# OMG! Horse w/chair stuck over his head...



## We Control The Chaos (Sep 19, 2007)

that is too funny! i'm glad yall got to him before he got hurt. there once was a pony at my old stable that was a little too curious. he would get his head stuck in chairs. and he would even climb up on picnic tables! ill never forget one time we went out and found him with his nose stuck in a flower pot. he ended up shaking it and flinging it off his nose 5ft away and it shattered then he ran away in a fit of joy. horses can be soo funny !


----------



## LauraB (Nov 11, 2008)

Poor Boy!


----------



## farmpony84 (Apr 21, 2008)

That is too funny. I wonder what he was doing when he got the chair stuck on his head! Poor guy, he actually looks like he has a pretty good head on his shoulders....


----------



## RusticWildFire (Jul 6, 2008)

ooh no!! Poor guy! That's kind of funny though.


----------



## SonnyWimps (Feb 22, 2008)

awww poor guy! I can just see him screaming "THE CHAIR IS EATING ME! AHHHHHHHHHHHHHHHH"
It is kinda funny though...but I feel bad for him


----------



## MissB (Nov 28, 2008)

:shock: Poor fella, Being head shy and all that must have been quite a jolt to him to have that horse eating chair attached to him by the neck!

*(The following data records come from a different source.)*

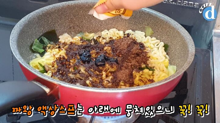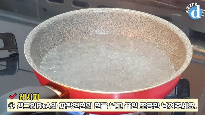 먼저 앵그리RtA와 짜왕 면을 넣고 끓여주세요.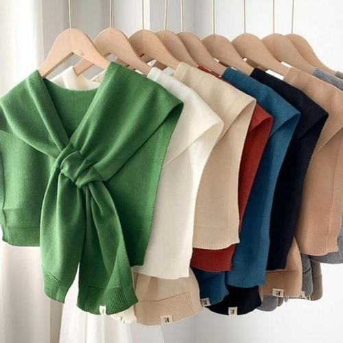 허블리 여성 어깨 숄 가디건 니트 머플러 레이어드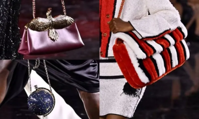 Вечерние клатчи играют с формой и цветом: от сдержанных фиолетовых тонов до эффектных trompe-l’oeil, где звездное небо будто помещается на ладони или закручивается на золотой цепочке.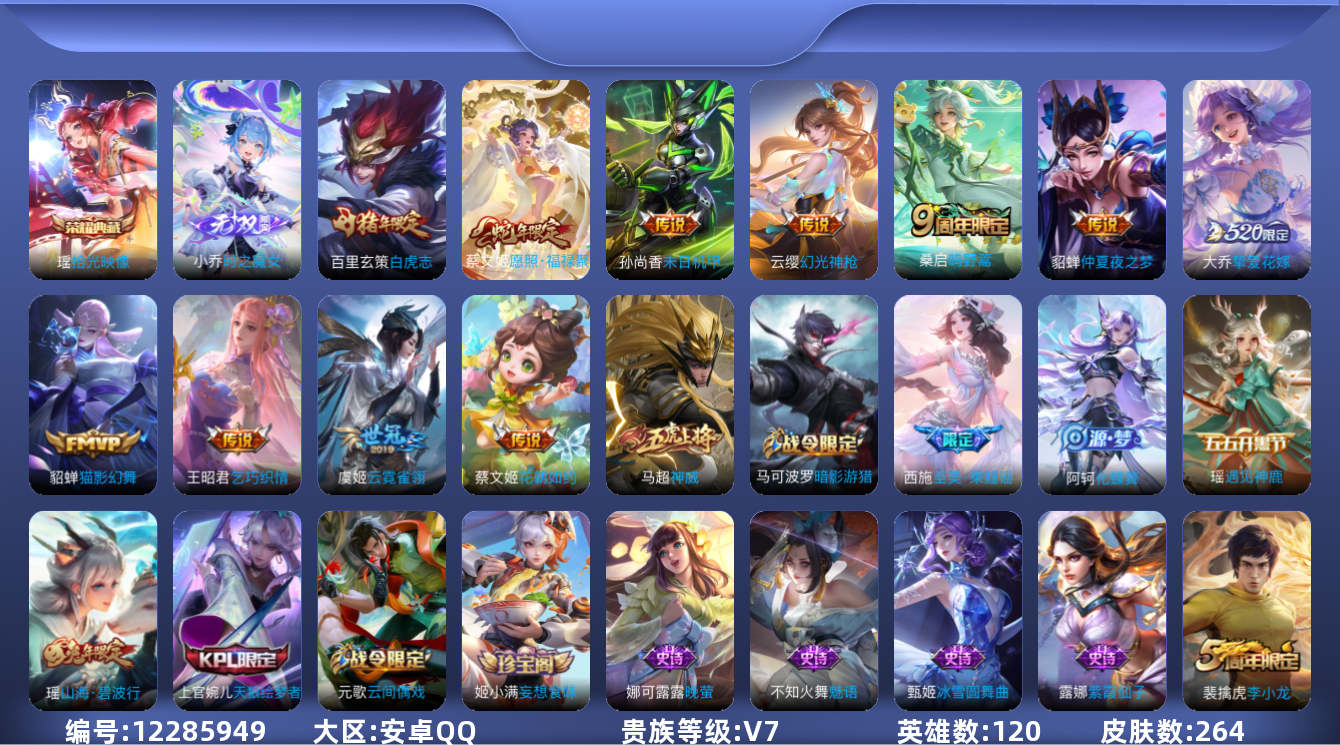 [12285949]V7 1典藏 1无双 11传说 120英雄 264皮肤 可修改实名 优质装备:小乔时之魔女(小乔无双),拾光映像(瑶典藏),猫影幻舞,云霓雀翎,末日机甲-孙尚香(绿蚂蚱),仲夏夜之梦(大飞蛾),乞巧织情,花朝如约(花篮子),挚爱花嫁 传说皮:幻光神枪 珍宝阁皮:妄想食味,蔷薇恋人,女武神 限定皮:愿照·福禄聚(蔡文姬年限),鸣野蒿,白虎志(电光耗子),寅虎·展翼(孙膑年限),神威(电光马子),山海·碧波行(瑶年限),至美·乘鲤谣,遇见飞天,高山流水,五谷丰年,天狼运算者,游园惊梦,天狼绘梦者,李小龙,霸王别姬-虞姬,云端筑梦师 史诗皮:化蝶舞,星界战将,奇遇星旅,蔬乡物语(鲁班七号),遇见神鹿,紫霞仙子,黄金分割率,特工魅影,江河有灵,魅语,蒙恬荣光圣徽,无限星赏官,冰冠公主,青蛇,偶像歌手,白蛇,晚萤,电玩·爆裂旋风,猫狗日记-孙策,猫狗日记-大乔,时之恋人-孙尚香,乱世虎臣,女仆咖啡,摇滚巨星,水果甜心,绅士熊喵,天才门将,星夜王子,心灵骇客,功夫厨神,暗隐猎兽者,幽灵船长,鬼剑武藏,心灵战警,舞动绿茵,诗语江南,纤云弄巧,繁星吟游(呼啦呼啦),拒霜思,缤纷独角兽,乘风破浪,逐浪之夏,水晶猎龙者,箭羽风息,金属风暴,原初追逐者,圣诞狂欢,圣诞恋歌,鹰眼统帅,魅力维加斯,黎明之约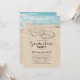 Invitaciones de fiesta de graduación de playa con un fondo de isla de playa tropical de verano, una playa de arena vintage con dos corazones en la orilla, el año de graduación y una plantilla moderna de fiesta de graduación.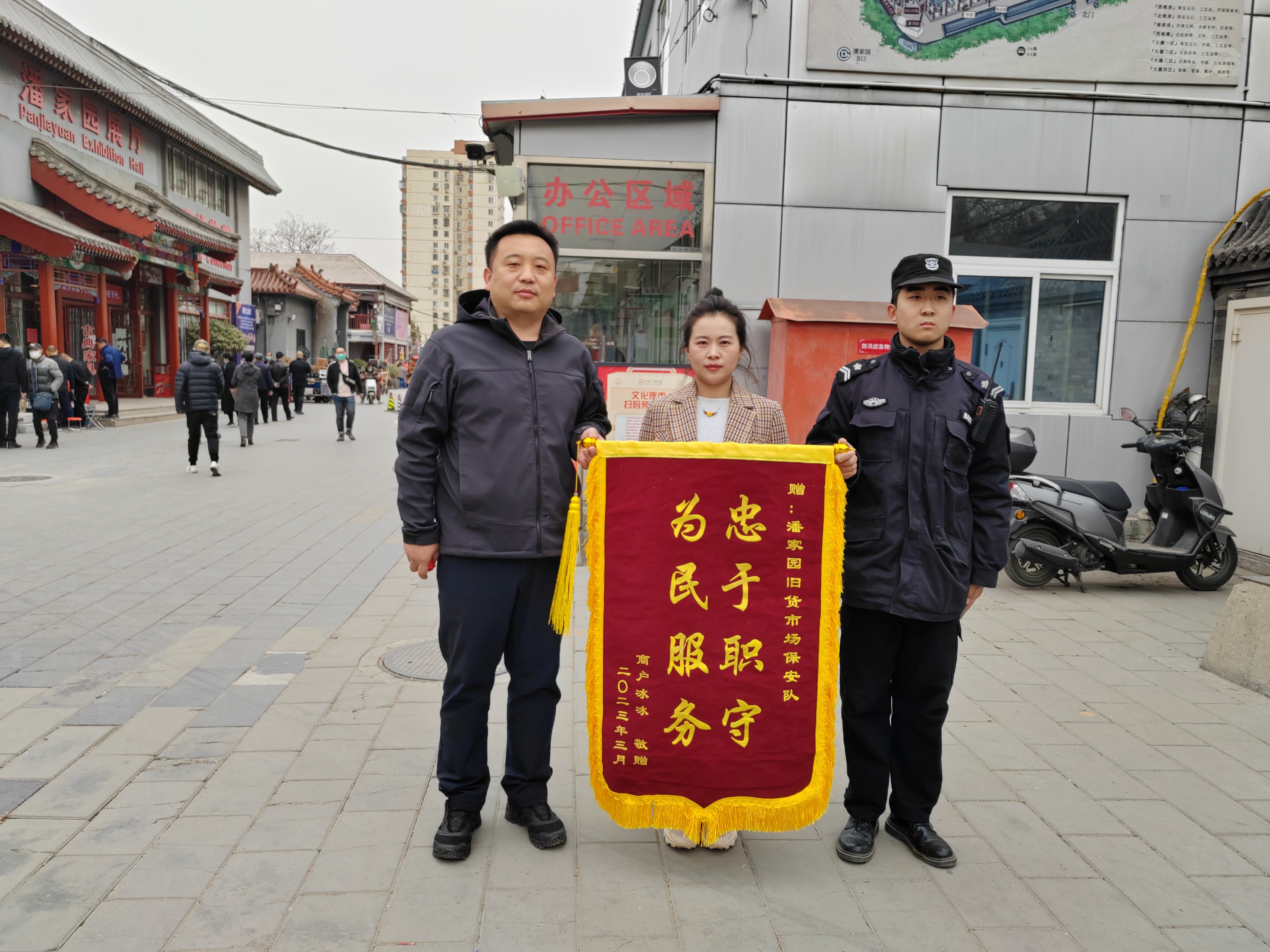 3月8日19时许,公司驻潘家园旧货市场保安队接到一区商户寻求帮助,称其拉杆箱放在垃圾桶附近丢失了。收到消息后,保安队队长吕瑞轩第一时间通过监控帮助商户查找,最终发现是被捡废品的人员捡走后,便沿着该人的行走路线寻找。最终,确定了一段较为清晰的监控录像,吕队长便将其分别转发给每个出入口的执勤队员,并部署队员一旦发现该人立即上报。3月9日18时许,西北门值班队员马登科发现此人,经过细致沟通,帮商户寻回拉杆箱。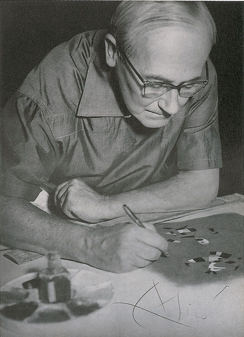Uncommon 6.75 x 9.5 book photo of Miro at work, signed in black artist’s pencil, “Miro.” In fine condition, with portions of the signature a shade light.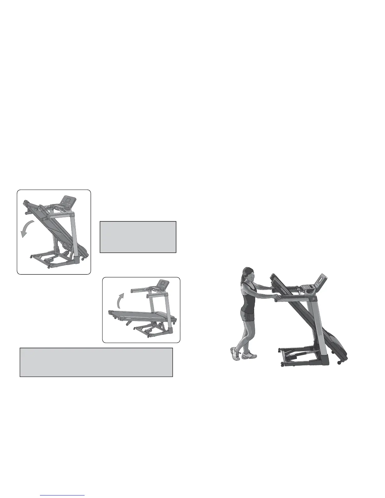 and folded position. This will place the treadmill onto its caster wheels,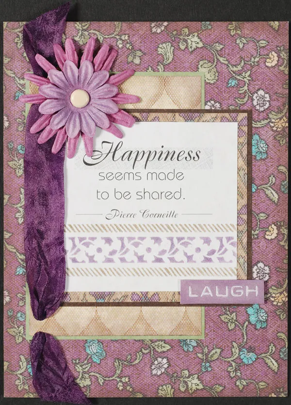 Chalk a 2" and a 1½" purple paper daisy with purple and pink chalks, adding touches of chalk to the outer petals and the centers. Stack the smaller daisy on the larger flower and use an ivory brad to secure them both to the constructed front above the quote as shown. Glue the constructed front to the blank card front. Cut out the "laugh" word art, add foam tape to the back and adhere it to the lower right corner of the quote.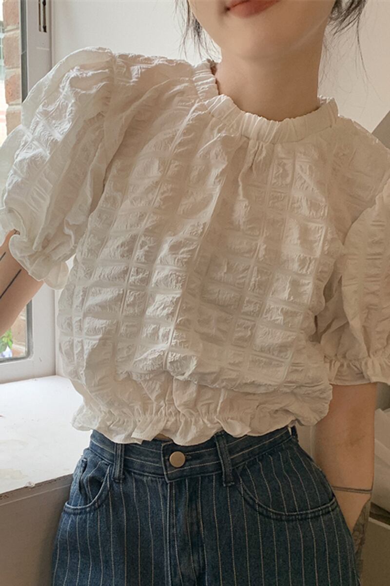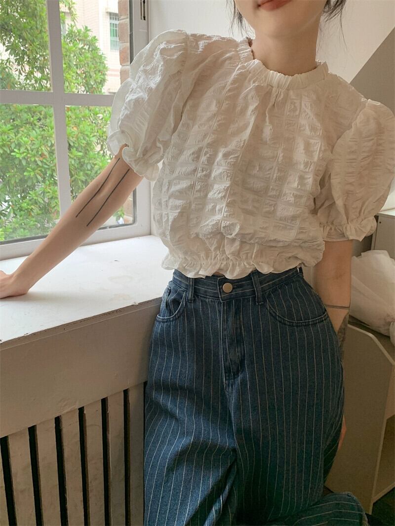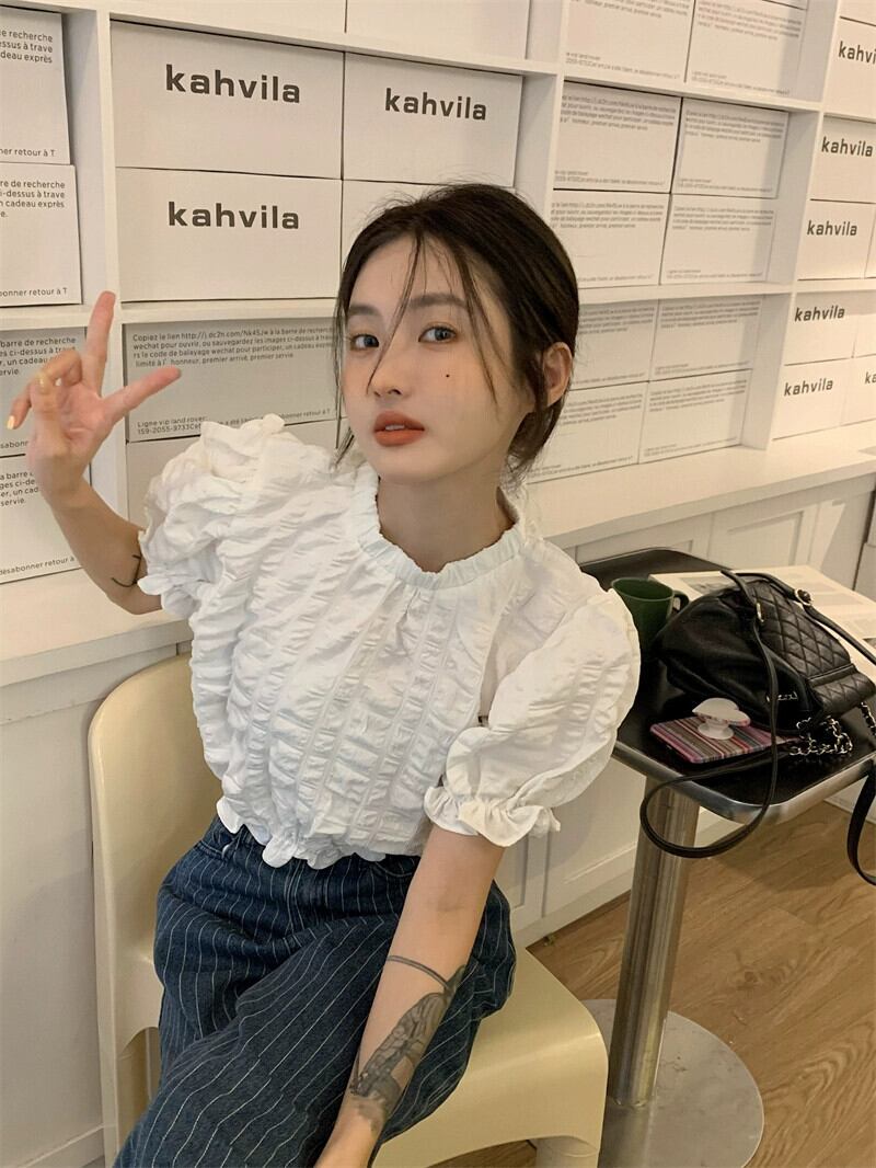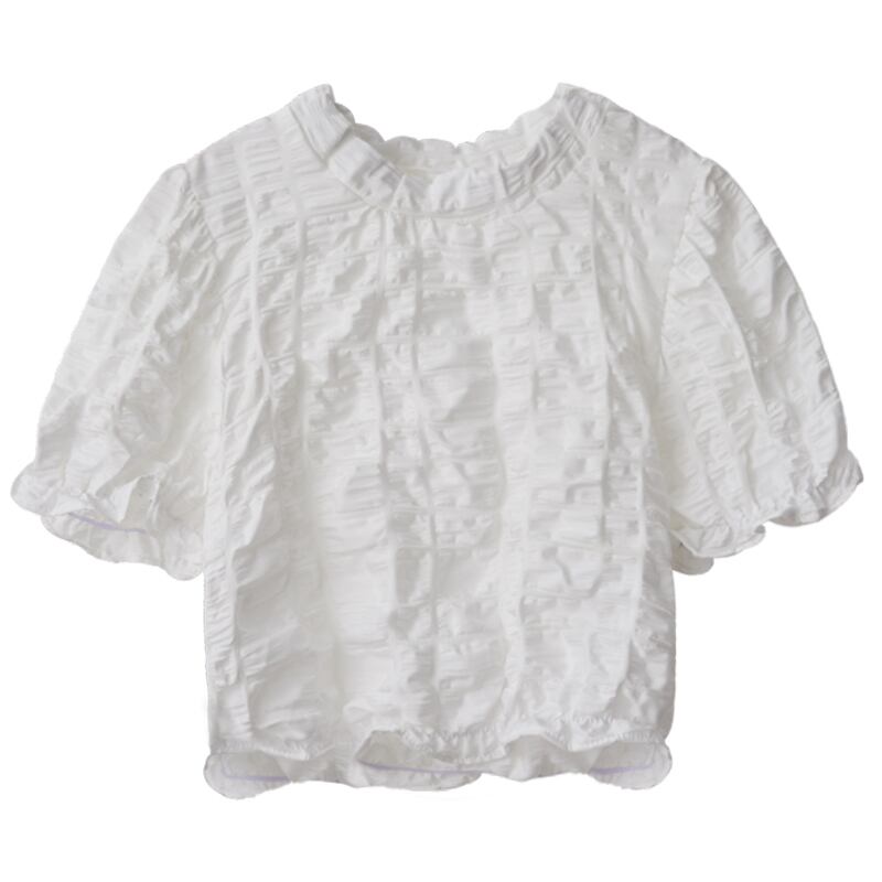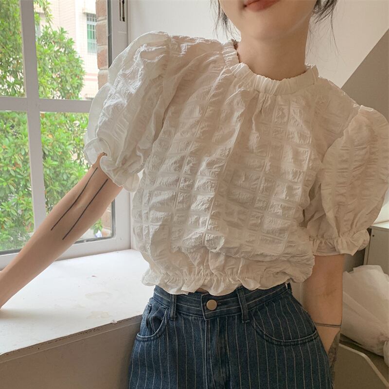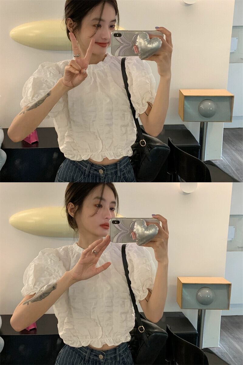 テクスチャード半袖シャツ女性の夏のデザインファッションアインスタイルシックなハイウエストショートプリーツパフスリーブトップ ハイウェスト レッド サマー 夏物 746002968088157 | framboise21

 How'd that chair get where he could get to it?


----------



## free_sprtd (Oct 18, 2007)

funny but sad!!! poor guy  like the pp, why was the chair out there where he could get to it. glad he's ok though!! looks like it's good ya keep feeding him carrots lol


----------



## PoptartShop (Jul 25, 2010)

Wow, that is just silly. LOL! :lol: I'm glad you got it off though, whew! They should keep that chair away from him...poor guy! He looks very sweet.


----------



## luvs2ride1979 (Nov 9, 2007)

MissB said:


> :shock: Poor fella, Being head shy and all that must have been quite a jolt to him to have that horse eating chair attached to him by the neck!
> 
> How'd that chair get where he could get to it?


Their pasture is really clean (as you can see from the photos). I'm guessing they store extra stuff in the barn. Their other horse is a houdini and knows how to open the stalls, so mister roany pony must have gotten in where he shouldn't have been, looking for goodies (they hadn't fed breakfast yet).


----------



## Pinto Pony (Jul 28, 2008)

That is funny! He is one lucky pony that he didn't do anything stupid after he got the chair stuck there!!! Your neighbours are lucky you are around!


----------



## Painted Ride (Jun 30, 2008)

hahaha poor guy. glad yall were there could have been bad but since it wasen't i will continue laughing....cute guy too


----------



## acey (Dec 3, 2008)

haha he nearly looks please with himself!! glad he was ok!!


----------